Would this be considered volunteer work?

DS15 has been working towards a black belt for years and he’s almost there. Once a student has reached that stage of the training at this studio, the student is given the option of helping out with the training of the students learning lower belts, but it’s not required in order to gain the black belt. DS says at least half of the kids who are working toward a black belt are not helping out with the lower belt classes. IOW, it’s optional.

My son decided to try out teaching with the lower belts and it turns out he really enjoys doing it. He’s now an unpaid teaching assistant for 3 classes per week in addition to doing his own training 3 days per week. He deals with the equipment, shows kids the routines (and weapons if they’re advanced enough), and is a “punching bag” (with padding!) for the self-defense sections. He looks forward to it and I think there’s a bit of the sense of accomplishment that comes from teaching when you were once the student.
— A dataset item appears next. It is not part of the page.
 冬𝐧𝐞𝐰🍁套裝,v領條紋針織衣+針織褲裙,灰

I had always thought he would put this down as an EC, but now that he’s doing ~4 hours/week on an unpaid basis, I’m wondering if he can call his own practice an EC and call his assistance with the studio as volunteer work and start tracking hours. OTOH, it’s for a business, so I don’t know. Thoughts?
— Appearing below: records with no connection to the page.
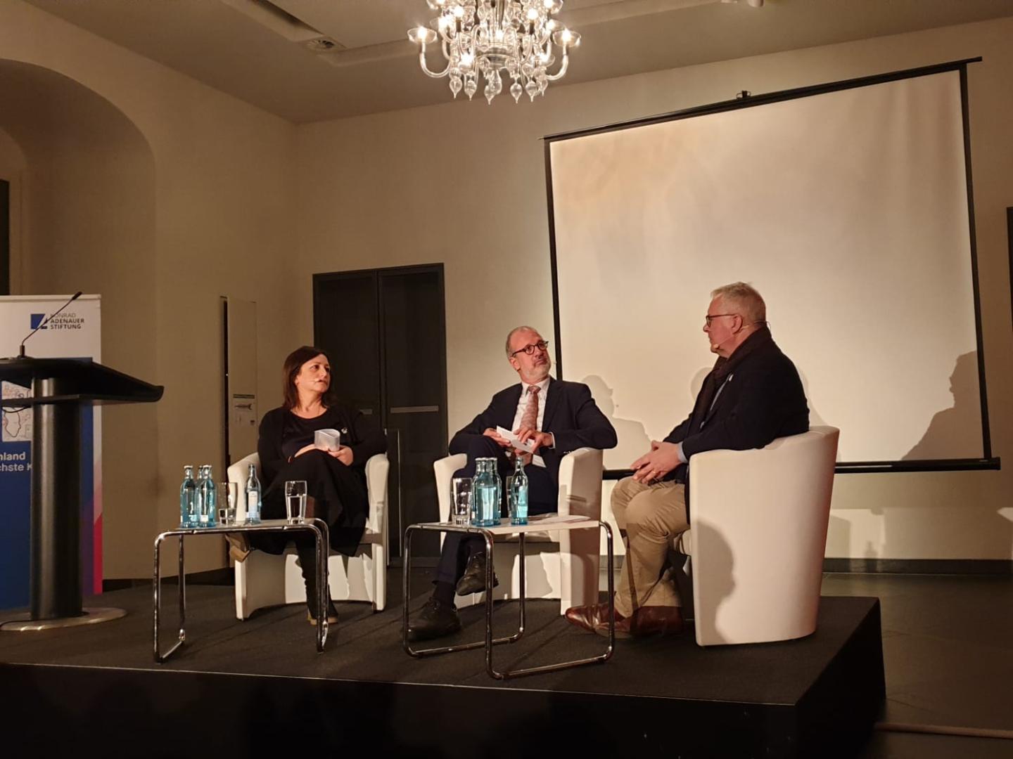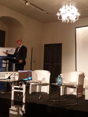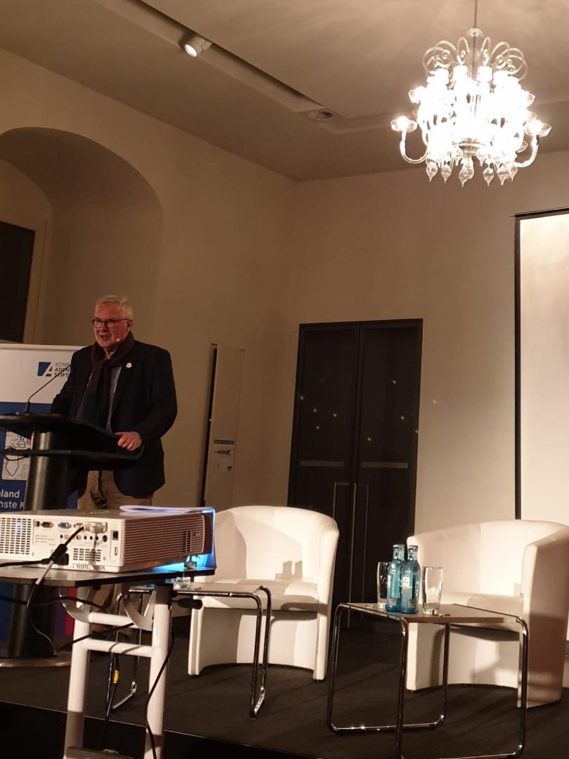 Im Anschluss an die Besichtigung der Räume begrüßte Dr. Joachim Klose die 160 Gäste im Fürstensaal. Prof. h.c. Dr. Dirk Syndram und Prof. Dr. Antonella Giannone waren zu Gast, um der Frage nachzugehen, was diese Symbole der Macht früher bedeuteten, und welche Inszenierungsmuster es heute gibt.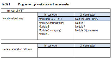 The structure of the curricula in the form of units and modules, as outlined above, results in units of initial vocational education which have a certain complexity. This helps to avert the risk of any fragmentation within the initial vocational education course, which might jeopardise the uniformity of the occupational profile. In the reform debate, this form of 'moderate modularisation' was linked with the following potential benefits: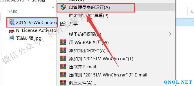 2.双击打开解压后的【Labview2015】文件夹,选中【2015LV-WinChn】鼠标右击选择【以管理员身份运行】。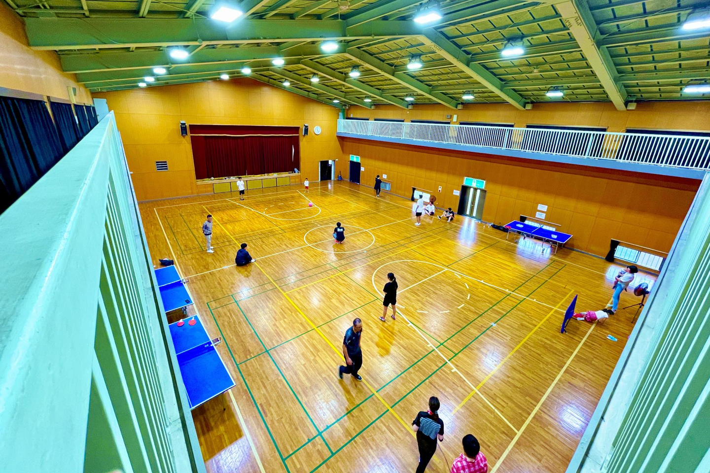 社員のお子さんまで含めて参加できた点が良かったようです。バドミントンに、全員によるドッジボールをご覧ください。体育館の両側には卓球台も置かれ、思い思いに楽しんでいました。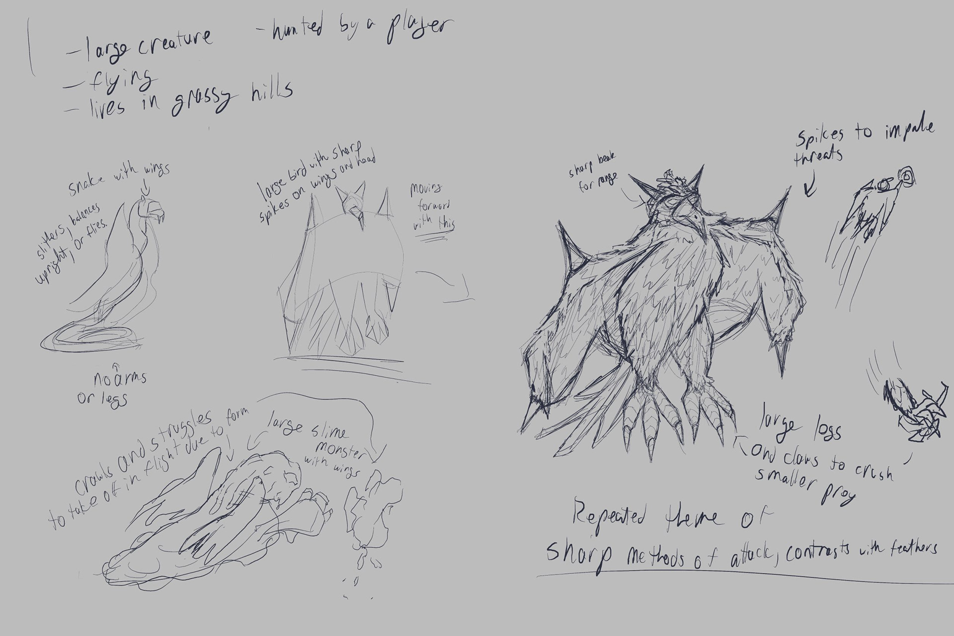Sketches in the ideation phase of this design. The left side shows the requirements for the creature and 3 different design ideas. The right side shows a sketched out version of the design I decided to go ahead with along with some notes.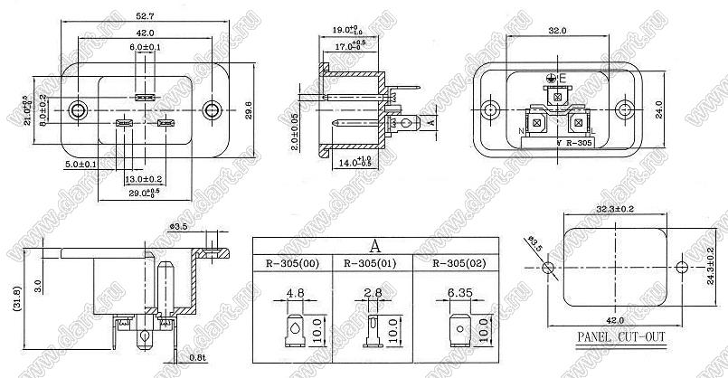 Каталог > Электронные компоненты, радиодетали > Разъёмы (соединители, переходники) > Разъемы AC (разъемы сетевого питания) > Трехполюсные разъемы сетевого питания > IEC 60320 C19/C20 > R-305(00)

Yes, he could. Furthermore, it looks good because he is taking his EC to a new level, learning teaching/coaching skills, and showing leadership by setting an example and inspiring younger students. Kudos!
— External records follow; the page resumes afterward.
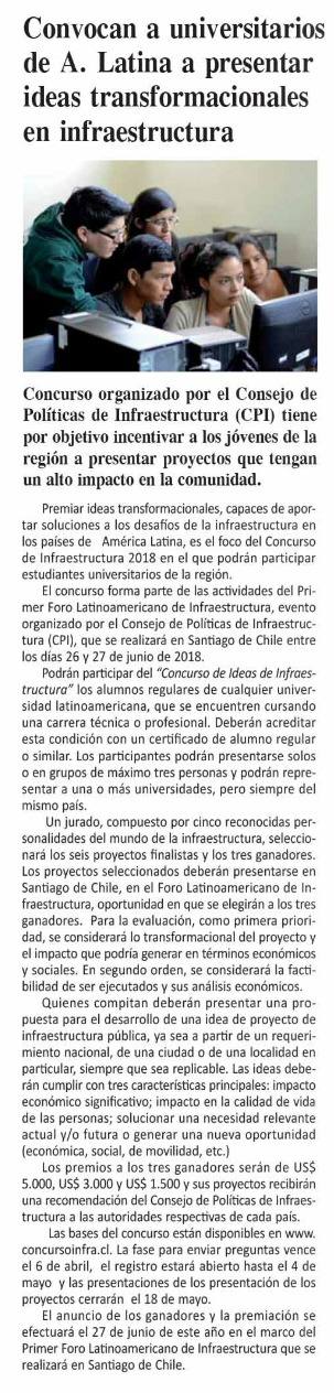 El concurso forma parte de las actividades del Primer Foro Latinoamericano de Infraestructura, evento organizado por el Consejo de Políticas de Infraestructura (CPI), que se realizará en Santiago de Chile entre los días 26 y 27 de junio de 2018.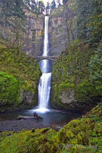 Oregon in Spring Alice and I made a trip to Portland, Oregon in the last week of March and first few days of April, 2007. The main purpose was to raid the shelves at Powell's City Of Books bookstore. We succeeded in depleting our funds, but fell far short of making a dent in Powell's incredible collection of new and used books. While there we found the nearby Henry's Tavern an excellent place to eat. We made three photographic excursionsduring this trip: the first and third were stops on the way to and from Portland at the Wooden Shoe Tulip Farm, just outside Woodburn, a small town right on the main north-south highway, I-5. We hit the farm at about the right time to catch a few Kodachrome-Velvia moments with the fields of tulips. Our second trip was to visit a few waterfalls up the Columbia River Gorge. I was not thinking properly on this trip and came back with only a few keepers. In fact only a few tulips and one waterfall shot were worth posting here. Back in California, we found the sides of the highway loaded with a bright red-purple shrub that we had not seen before and took a few shots of it. Reference to a plant book showed that this was the famous "red bud" that I had been hearing about incessantly on the FM-NorCal internet group. The tulip and waterfall shots are on separate pages (click on the thumbnail), the red bud shots and a snapshot of Mt Shasta are below, please scroll down.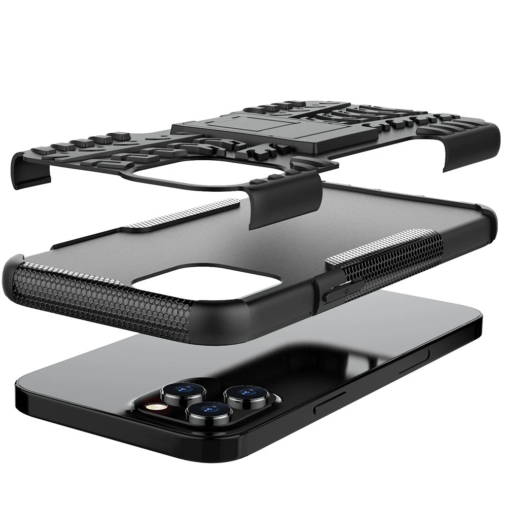 * 2-in-1 back soft rubber case and one hard plastic case on top of it. Well protects back and corners of the device. No front cover.

Interesting question and I suppose it depends on where the data is being reported, what the categories are, etc.

My DD15 (who just past her 4th dan Master test (after 10 years…yay)) started as an assistant instructor about 4 years ago. She’s now at the point of teaching classes completely by herself when the school’s GM is busy. I have put TKD on her resume as an activity, with her achievements, and listed her teaching (and self defense course) as a leadership role.

I typically wouldn’t think of it as volunteering, though I can see the train of thought. Assuming it’s the same, he’s paying for classes and one of the expectations of a senior practitioner is training/teaching others.

I guess my reaction would be no, but I can see how others could think it could be included.

Not sure that helps…:wink:

Who’s going to argue with her. Not me. She’s a black belt!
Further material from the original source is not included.